Lobster rolls vs. Dodger Dogs. Kennedys vs. Kardashians.  The Way Things Were vs. the Way Things Were to Be. Alas, with two neck-and-neck American League Championship Series and National League Championship Series, that fantasy matchup may not come to pass.  But one thing is certain—whether it ends up being the Dodgers or the St. Louis Cardinals vs. either the Detroit Tigers or the Red Sox, the World Series will field two of baseball’s most historic teams.    
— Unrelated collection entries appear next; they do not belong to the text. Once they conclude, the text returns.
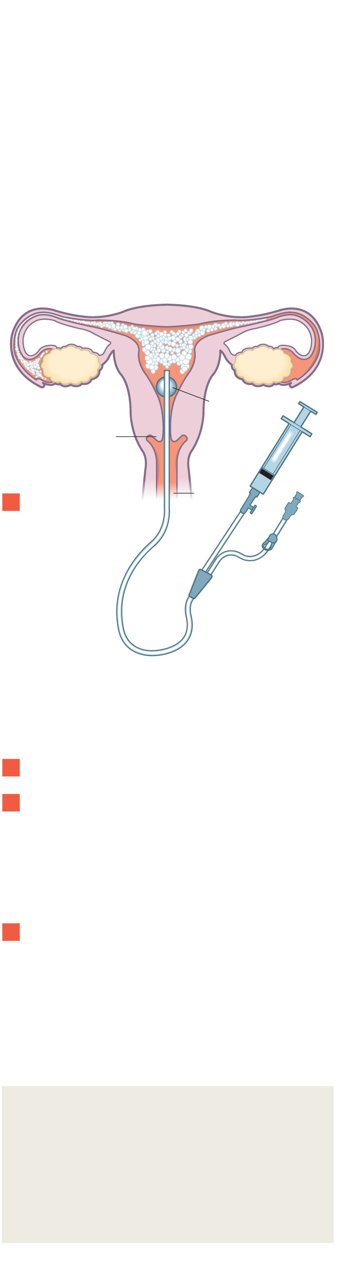 into the uterine cavity through a small catheter with a small balloon near the tip that is inflated to stop the fluid from running back through the cervix.
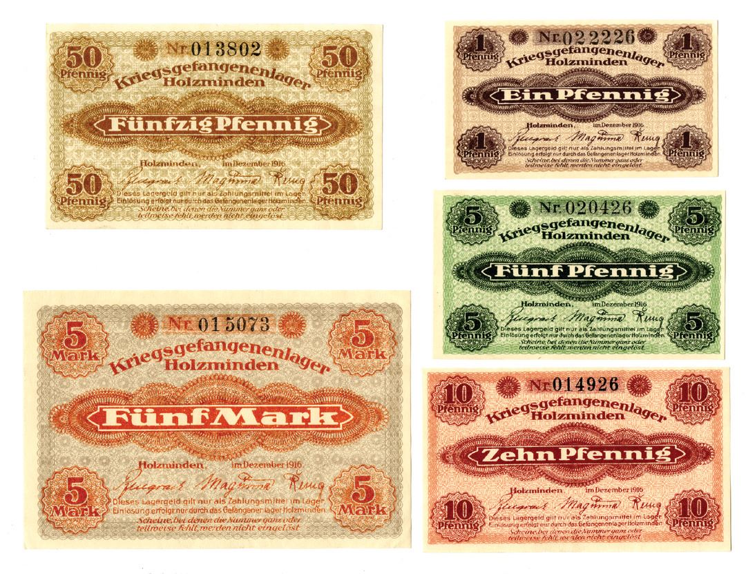 Germany, 1916.Lot of 5 Issued POW Notgeld Banknotes for use in the Holzminden Prisoner of War Camp, P-Unlisted. Includes: 1 Pfennig; 5 Pfennig; 10 Pfennig; 50 Pfennig; and 5 Mark. All are in Uncirculated to Gem Unc. condition. (5)
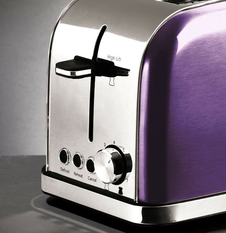materiál: nerezová ocel, 7 stupňů nastavení intenzity opečení, automatické vysunutí pečiva,automatické centrování pro rovnoměrný ohřev tenkých i silných toastů, protiskluzová úprava spodní základny.
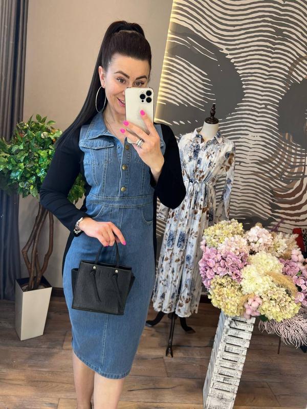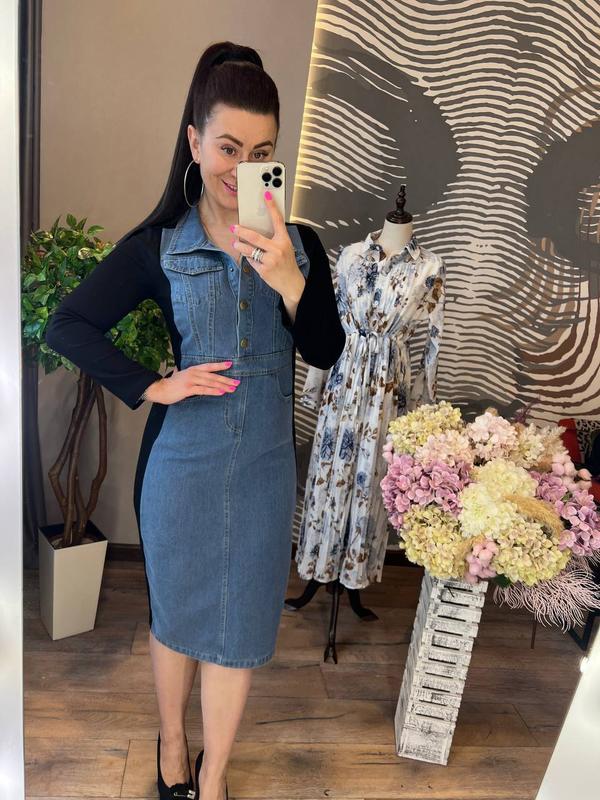 Модна і стильна новинка цього сезону сукня приталеного крою з довгими рукавами, невеликим відкладним коміром на кнопочках спереду, зручними кишенями з боків спереду і ззаду нижче талії, завершує образ практичний розріз ззаду, сукня виготовлена з трендового союзу двох тканин - щільного трикотажу і літнього деніму, вона відмінно сідає по фігурі, підкреслюючи її достоїнства,а такое добре поєднується з взуттям і аксесуарами різних кольорів і стилів
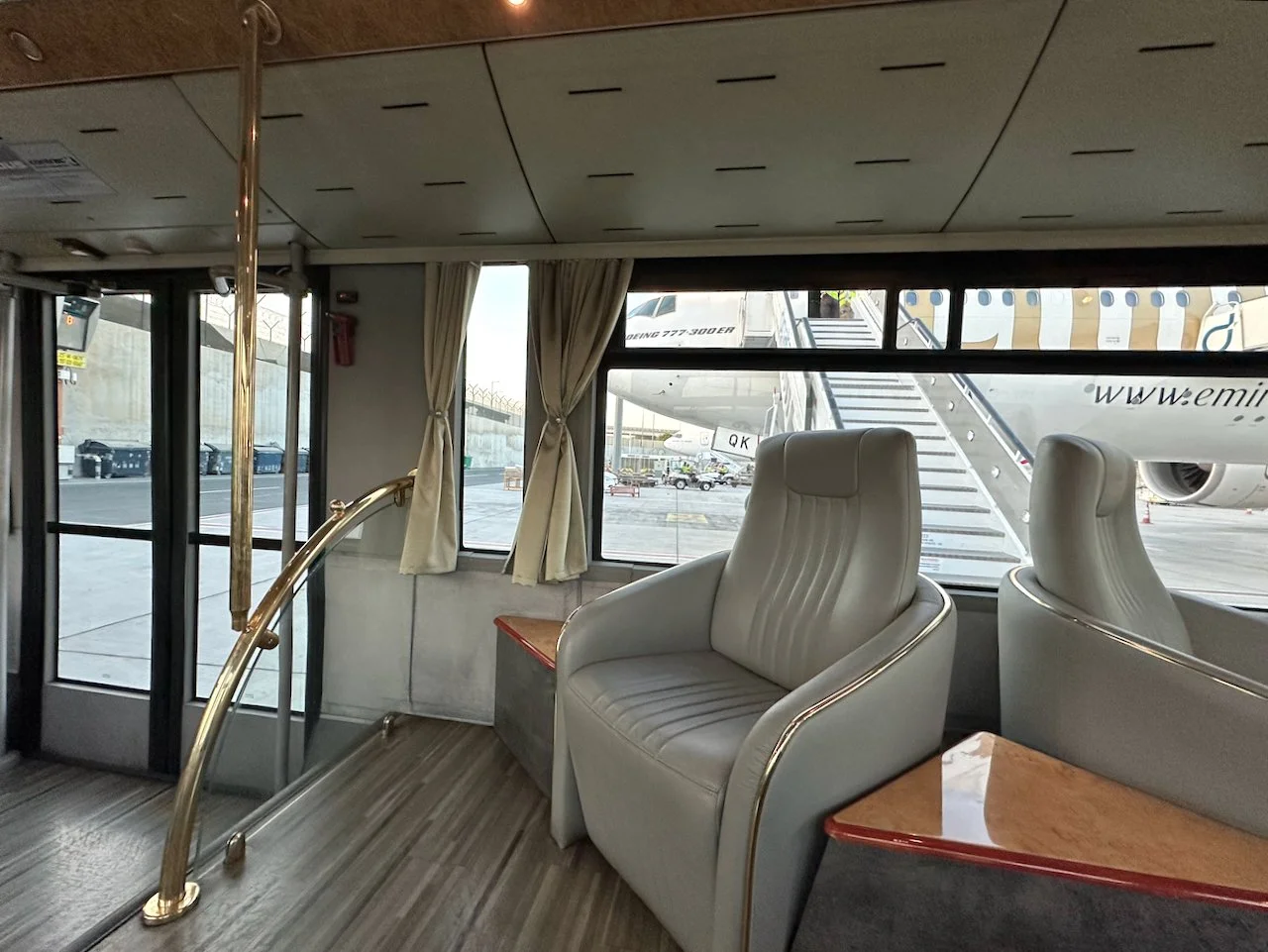 The First Class passengers are sent to the terminal on a dedicated bus. For this arrival flight, the bus was operated only for me and the other selfish guy.
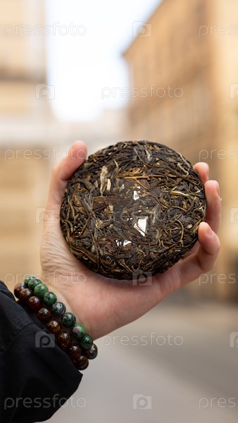 Мужчина держит сжатый чайный торт на слегка размытом городском фоне, демонстрируя естественную красоту
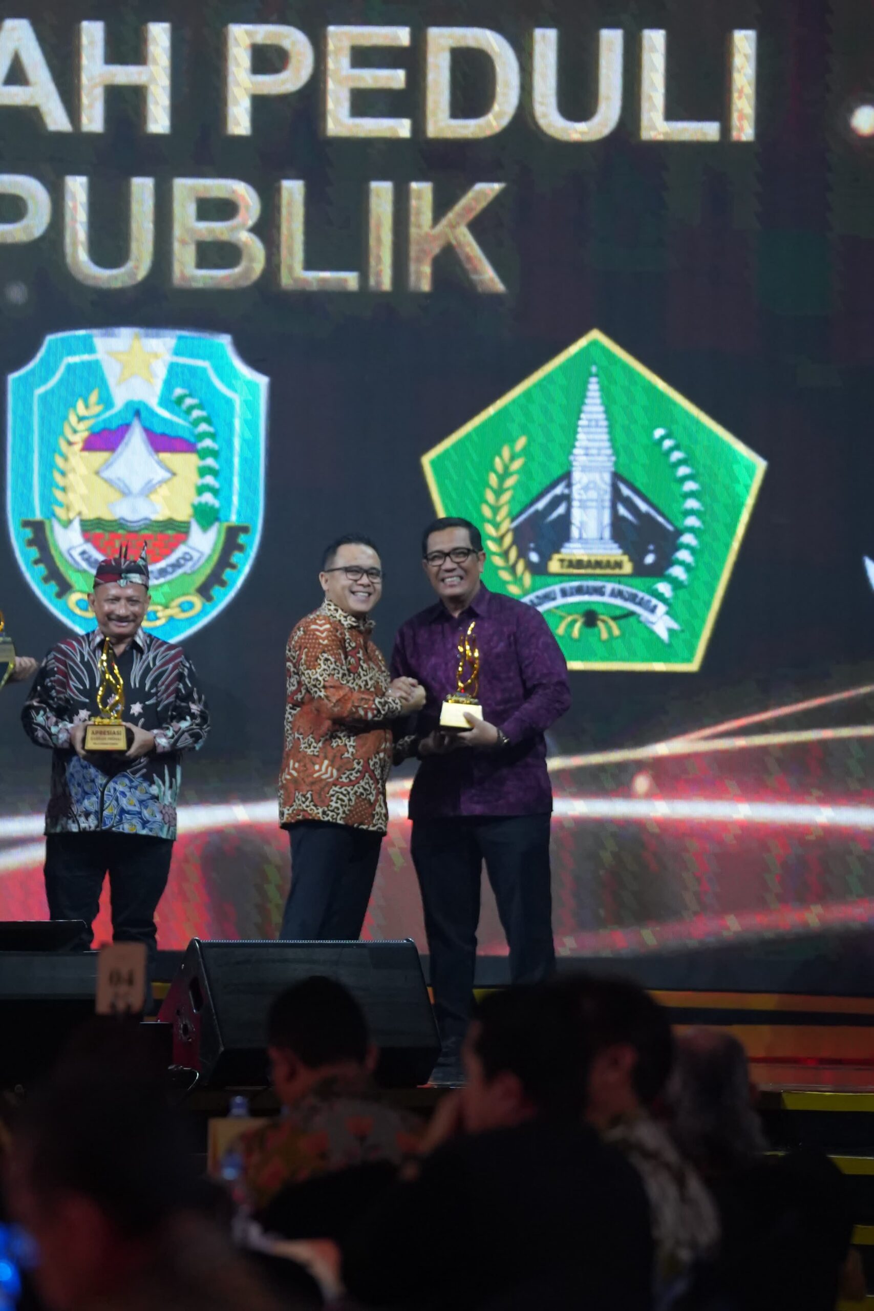 Tak hentinya menorehkan prestasi, Kabupaten Tabanan kali ini berhasil dinobatkan sebagai Daerah Peduli Pelayanan Publik berskala Nasional, oleh Kompas TV yang diterima langsung oleh Bupati Tabanan, Dr. I Komang Gede Sanjaya, S.E.,M.M dalam puncak acara Ulang Tahun Kompas TV ke 12 Tahun, di Golden Ballroom, The Sultan Hotel Residence Jakarta, Senin Malam, (11/9).
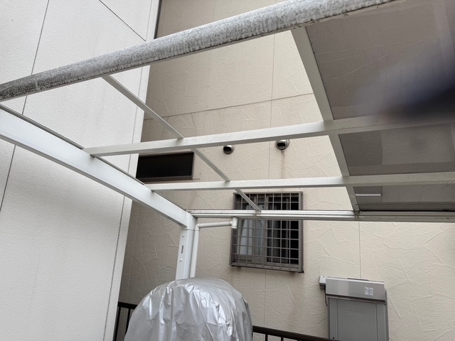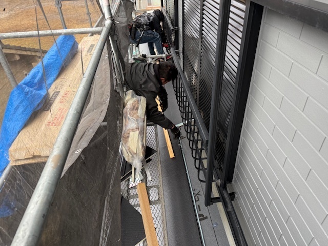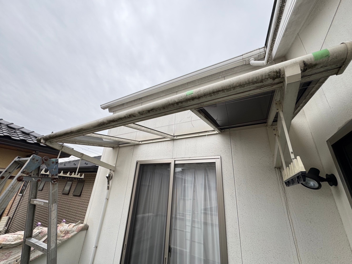 毎日寒いですね。明日は、足場の組み立て工事をするのにサイクルポートとベランダのテラスのパネルが干渉してきますので取り外し作業を致しました。これで明日しっかり足場の組み立て工事ができます。引き続き宜しくお願い致します。
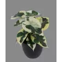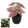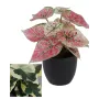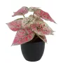 Fausse petite plante tout à fait mignonne. Ce mini Caladium est panaché 3 coloris, vert, blanc avec une dominance de rose. Les feuilles sont en polymère thermoplastique très fin qui permet de nombreuses fantaisies. L'utilisation de cette matière, sous cette forme, est récente dans le monde des plantes artificielles. Cela donne un rendu réaliste et un touché doux. ce petit Caladium synthétique est prévu pour être surélevé. Vous pourrez ainsi le disposer comme décoration de table, le positionner sur une étagère, sur un bar, un table de chevet, un bureau, ou une salle de bain. Prêt à poser, vous n'aurez rien à faire. Les plantes bigarrées sont les stars actuellement. Seules ou mélangées avec de fausses plantes vertes, c'est à vous de choisir. S'accorde magnifiquement avec l'Oxalis pourpre.
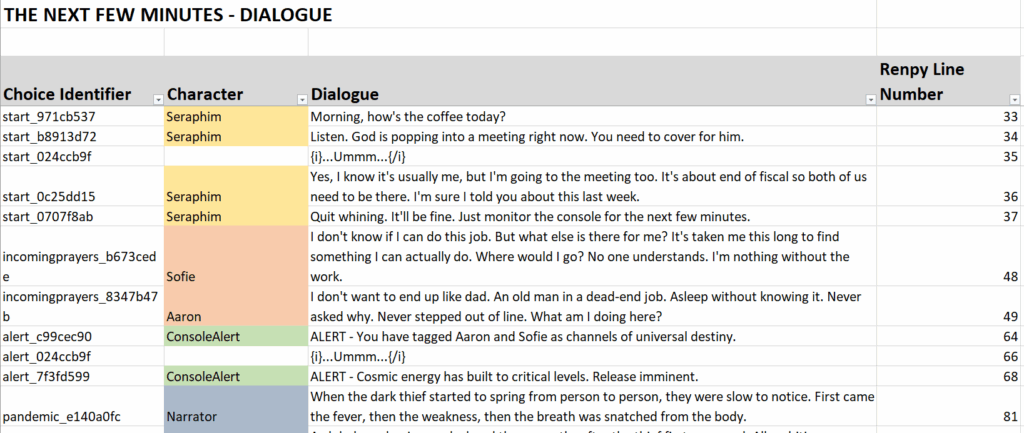 The story is divided into two major plots, with a total of six unique endings. Once the player has chosen the initial plot, that plot may branch in several different directions. Every ending leads to an epilogue that allows the player to play through again. Dialogue was tracked in spreadsheet format, linked to the speaker and the choice branch. The below excerpt is from the Prologue chapter.
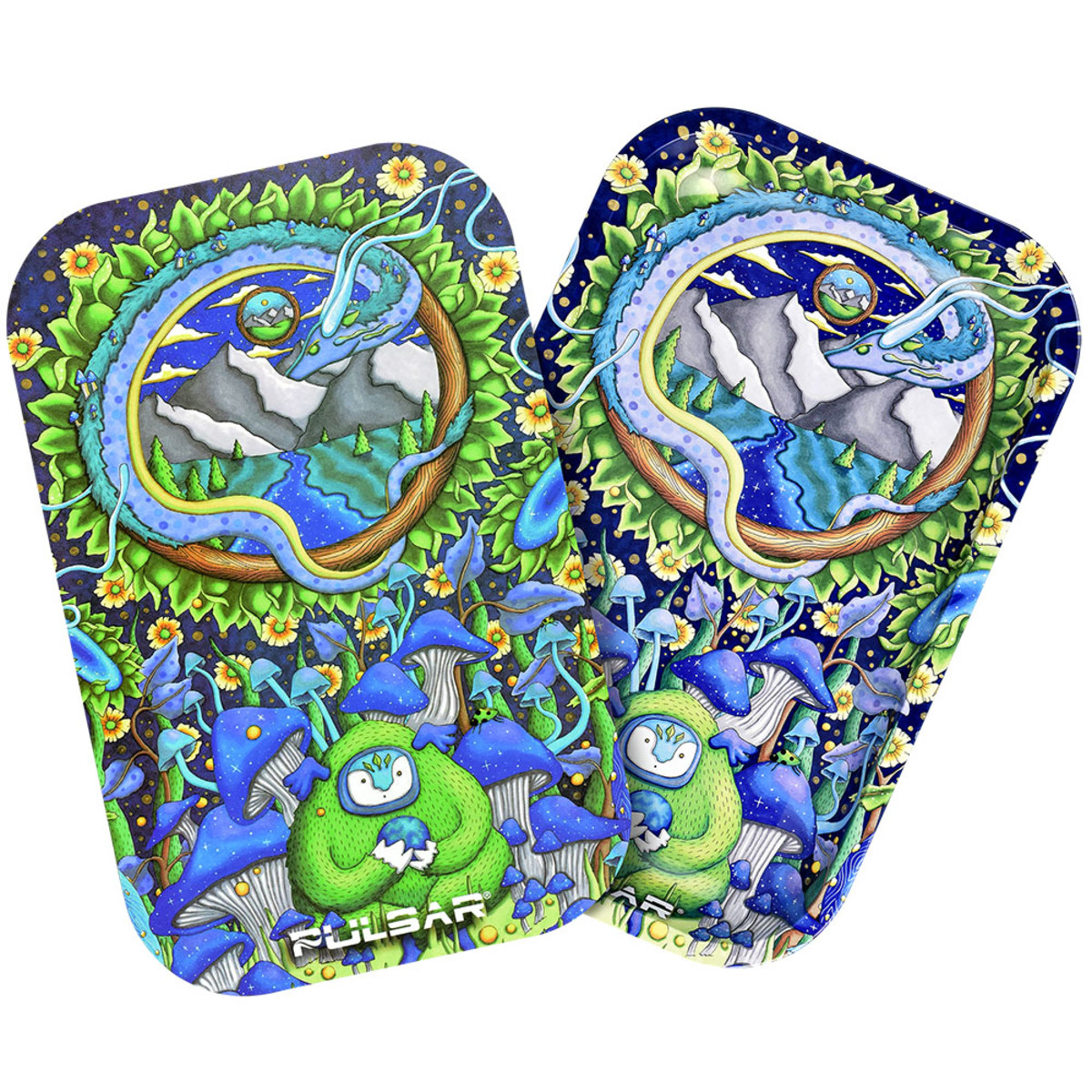These Pulsar Rolling Tray & Lid Combos are perfect for protecting herb and smoking gear from chaos and debris, and they feature the Remembering How To Listen design by featured artist Hannah Bunzey. These lightweight metal rolling trays have raised edges to contain all loose herb and assist with rolling. The matching lid fits securely on top of the tray and magnetically attaches to the edges to protect all contents. Both tray and lid measure 11 inches by 7 inches

The 2013 regular season, however, wasn’t exactly a banner year for MLB.  League-wide attendance dropped 1% on the season, with four teams experiencing double-digit percentage drops compared to last season.  In particular, Marlins posted the worst second-year attendance for a new ballpark in at least 30 years.  On the TV side, Fox posted its second-straight year of record low TV ratings with an average of just 2.4 million viewers for Saturday afternoon broadcasts.  The league undoubtedly would prefer to see these numbers trend in the opposite direction.  

 

But despite a relative down year, all is not lost for MLB.  The average team is valued at $744 million, up 23% over last year, according to an annual study conducted by Forbes.  The growing sports TV rights bubble is distributing hundreds of millions—if not billions—of dollars to teams for local TV rights.  Most promising, the league is emerging from the steroid era with a bevy of young stars to carry it into the future.  Of MLB’s 20 best-selling jerseys on the season, 16 are players under the age of 30.   And regardless of locale or name on the World Series clubhouse door, baseball continues to be a springboard for creativity.

 

For as much success as the Dodgers are having on the field in reaching the NLCS, they’re having success off the field as well.  The team averaged 46,000 fans per home game this season, up 13% from last year and marking the first time since 2009 the team has lead MLB in attendance.  

 

One of the things that’s helped make business easier for the Dodgers front office is the use of Citrix GoToMeeting, which also executives to have HD videoconferencing with partners across the world.  GoToMeeting has helped improve the Dodgers’ business efficiency so much that the team also has been using the product to give fans a once-in-a-lifetime experience.  

 

Borne out of Citrix’s sponsorship deal with the AM570 Fox Sports radio station in Los Angeles, which holds broadcast rights to Dodgers games, fans tell the team why they’re worthy of a videoconference, face-to-face meeting with a Dodger legend.  So far, Dodgers legends Steve Yeager, Rick Monday, Ron Cey, and most recently Maury Wills have participated.  

 

In the American League, the Tigers’ currently struggling, former Triple Crown winner Miguel Cabrera is featured in a new Chrysler ad for its 300 sedan and Town & Country minivan, “Road to Greatness,” airing during ALCS and NLCS games as well as the upcoming World Series. The ad, according to MLive, showcases Cabrera along with “numerous high school and Little League baseball games” to illustrate “the journey youth baseball players must take if they aspire to greatness on the field.”  Cabrera is the latest Tigers star to pitch for Chrysler—previous ads have featured musicians Eminem and Iggy Pop, Lions DT Ndamukong Suh and fashion designer John Varvatos.  

 

Baseball’s 2013 postseason has provided some marquee ratings numbers as well. According to Nielsen figures, Fox is averaging a 4.4 rating and 6.9 million viewers through ALCS games so far, up more than 26% from the net’s early NLCS telecasts last season. TBS, meanwhile, is averaging a 3.2 rating and five million viewers through its 2013 NLCS telecasts, down compared to the 3.8 rating and 5.9 million viewers for the Tigers-Yankees ALCS in 2012, but up from a 2.6 rating and 4.1 million viewers in 2011.

 

And while Fenway Park’s fabled Green Monster may well indeed come out to play before Halloween, one place we definitely won’t be seeing a World Series game played any time soon is San Jose.

   

Last Friday, a U.S. District judge dismissed San Jose’s illegal-monopoly claims against MLB over a purported A’s move to that city.  While the city can still pursue legal action regarding a ballpark land deal with the A’s, last week’s ruling was widely viewed as a major win for MLB, and it’s likely the ballpark case in itself isn’t going to land San Jose the team.